▸ **INSTRUCTIONS FOR THE TASK**
What needs reproducing is the run of lines in the data below starting at the line with "Фасады из складных" and ending at the line with "卫庄扇形笔 尼龙毛水粉笔 水彩丙烯联考艺考油画笔套装", both ends included. Copy it exactly, without pictures, and add nothing.

▸ **DATA EXTRACT**
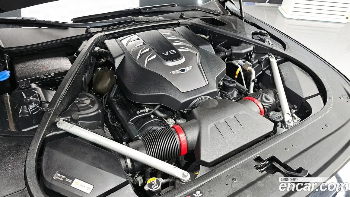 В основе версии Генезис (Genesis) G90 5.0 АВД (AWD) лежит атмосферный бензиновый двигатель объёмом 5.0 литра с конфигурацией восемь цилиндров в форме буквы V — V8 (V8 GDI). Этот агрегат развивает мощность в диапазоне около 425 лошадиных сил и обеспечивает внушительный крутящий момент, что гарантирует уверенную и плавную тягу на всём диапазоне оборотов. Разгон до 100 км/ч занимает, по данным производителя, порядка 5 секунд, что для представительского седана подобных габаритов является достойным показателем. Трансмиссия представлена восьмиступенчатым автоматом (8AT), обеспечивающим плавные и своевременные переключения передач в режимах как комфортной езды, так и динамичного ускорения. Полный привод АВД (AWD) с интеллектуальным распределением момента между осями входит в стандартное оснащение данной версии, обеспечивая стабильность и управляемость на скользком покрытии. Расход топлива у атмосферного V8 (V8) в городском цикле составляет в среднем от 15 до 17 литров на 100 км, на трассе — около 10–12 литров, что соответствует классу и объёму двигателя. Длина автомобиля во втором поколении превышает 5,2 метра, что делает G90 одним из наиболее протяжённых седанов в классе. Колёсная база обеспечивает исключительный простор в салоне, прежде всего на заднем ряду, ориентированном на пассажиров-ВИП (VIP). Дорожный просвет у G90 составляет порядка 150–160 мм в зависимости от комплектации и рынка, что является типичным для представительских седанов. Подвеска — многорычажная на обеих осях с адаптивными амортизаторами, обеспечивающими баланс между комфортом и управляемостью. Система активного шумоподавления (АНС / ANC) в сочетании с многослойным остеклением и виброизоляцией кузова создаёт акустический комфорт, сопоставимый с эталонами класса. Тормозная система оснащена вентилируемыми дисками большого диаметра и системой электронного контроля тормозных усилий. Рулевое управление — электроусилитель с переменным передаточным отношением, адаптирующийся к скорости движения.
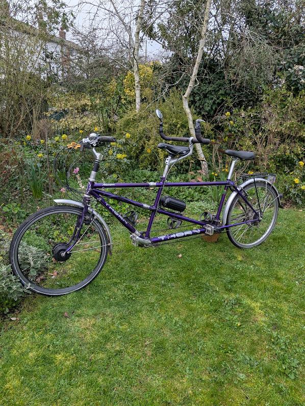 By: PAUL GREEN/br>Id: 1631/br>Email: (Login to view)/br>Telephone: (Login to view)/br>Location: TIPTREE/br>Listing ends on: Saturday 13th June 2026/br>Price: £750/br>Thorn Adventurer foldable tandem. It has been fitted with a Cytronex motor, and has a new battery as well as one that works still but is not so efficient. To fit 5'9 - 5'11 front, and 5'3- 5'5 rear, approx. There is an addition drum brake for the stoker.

==

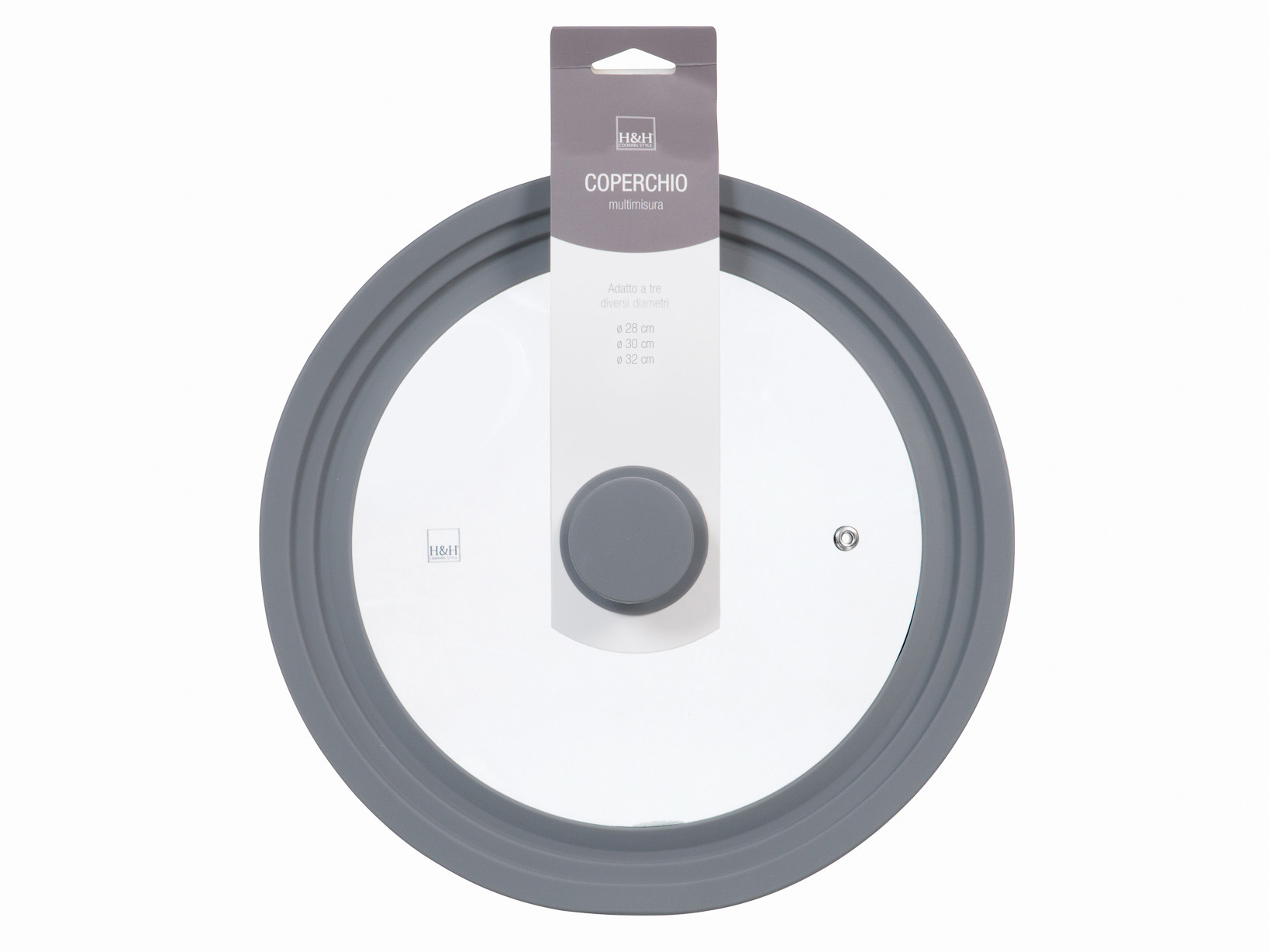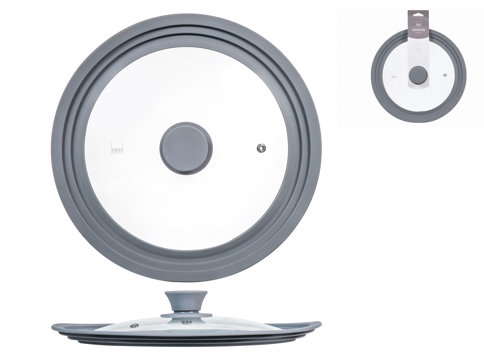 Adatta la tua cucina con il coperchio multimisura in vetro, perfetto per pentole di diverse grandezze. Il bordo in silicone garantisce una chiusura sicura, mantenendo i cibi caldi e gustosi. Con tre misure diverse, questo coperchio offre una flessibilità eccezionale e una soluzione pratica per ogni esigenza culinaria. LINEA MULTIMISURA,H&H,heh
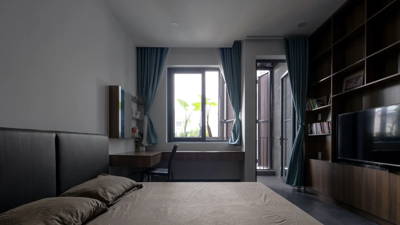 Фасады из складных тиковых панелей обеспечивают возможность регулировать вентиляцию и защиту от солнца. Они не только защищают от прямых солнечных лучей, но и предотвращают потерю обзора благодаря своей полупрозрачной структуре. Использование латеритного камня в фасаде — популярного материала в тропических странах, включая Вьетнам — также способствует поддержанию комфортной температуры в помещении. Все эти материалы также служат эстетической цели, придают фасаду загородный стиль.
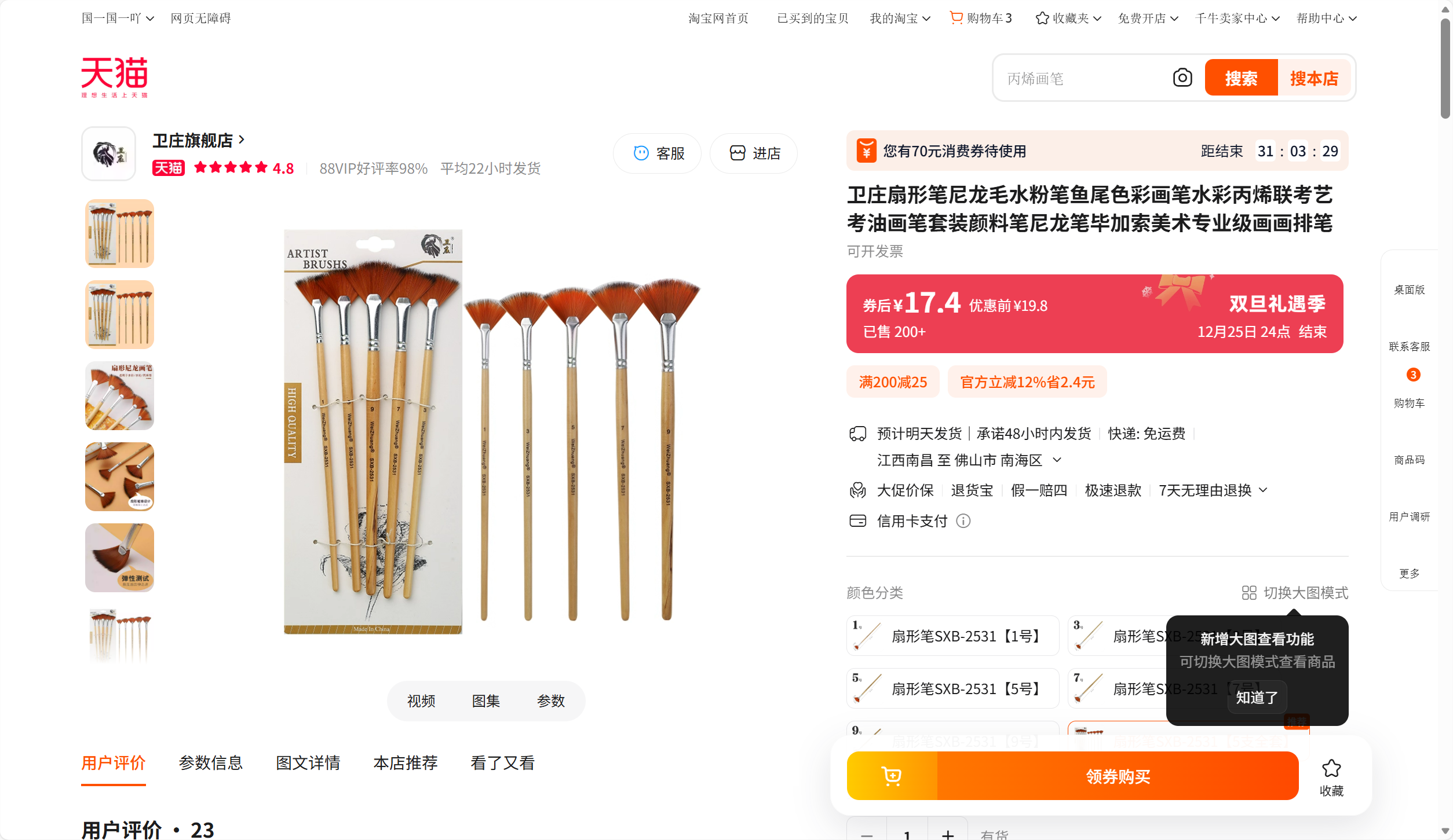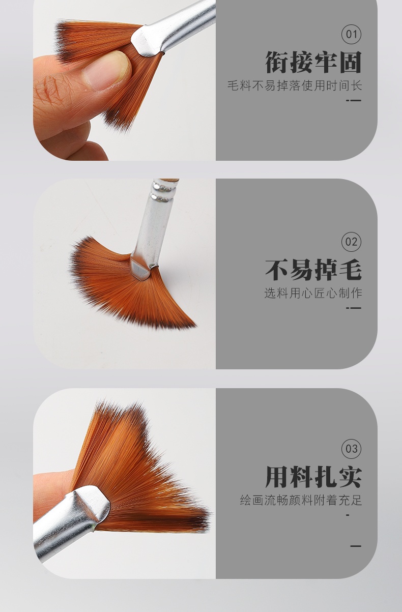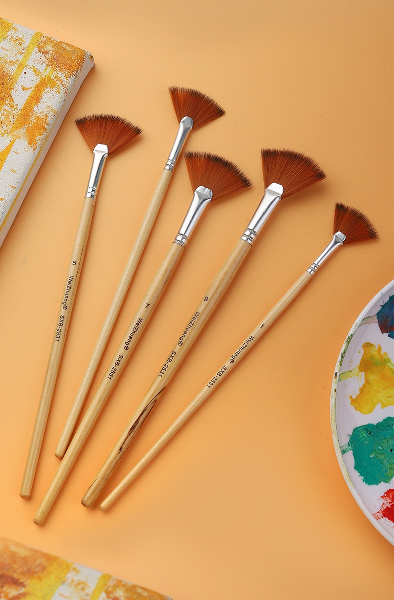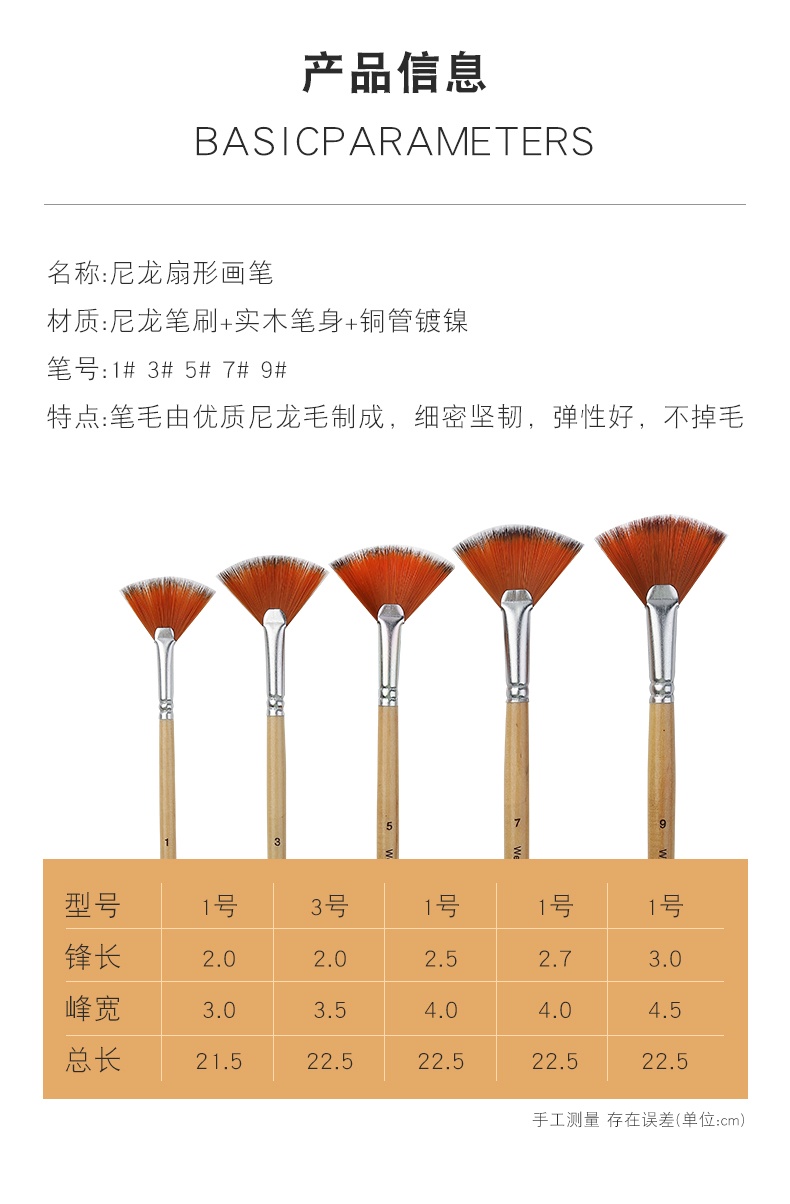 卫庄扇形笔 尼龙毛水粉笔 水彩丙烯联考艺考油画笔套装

▸ **ANSWER**
 Фасады из складных тиковых панелей обеспечивают возможность регулировать вентиляцию и защиту от солнца. Они не только защищают от прямых солнечных лучей, но и предотвращают потерю обзора благодаря своей полупрозрачной структуре. Использование латеритного камня в фасаде — популярного материала в тропических странах, включая Вьетнам — также способствует поддержанию комфортной температуры в помещении. Все эти материалы также служат эстетической цели, придают фасаду загородный стиль.
 卫庄扇形笔 尼龙毛水粉笔 水彩丙烯联考艺考油画笔套装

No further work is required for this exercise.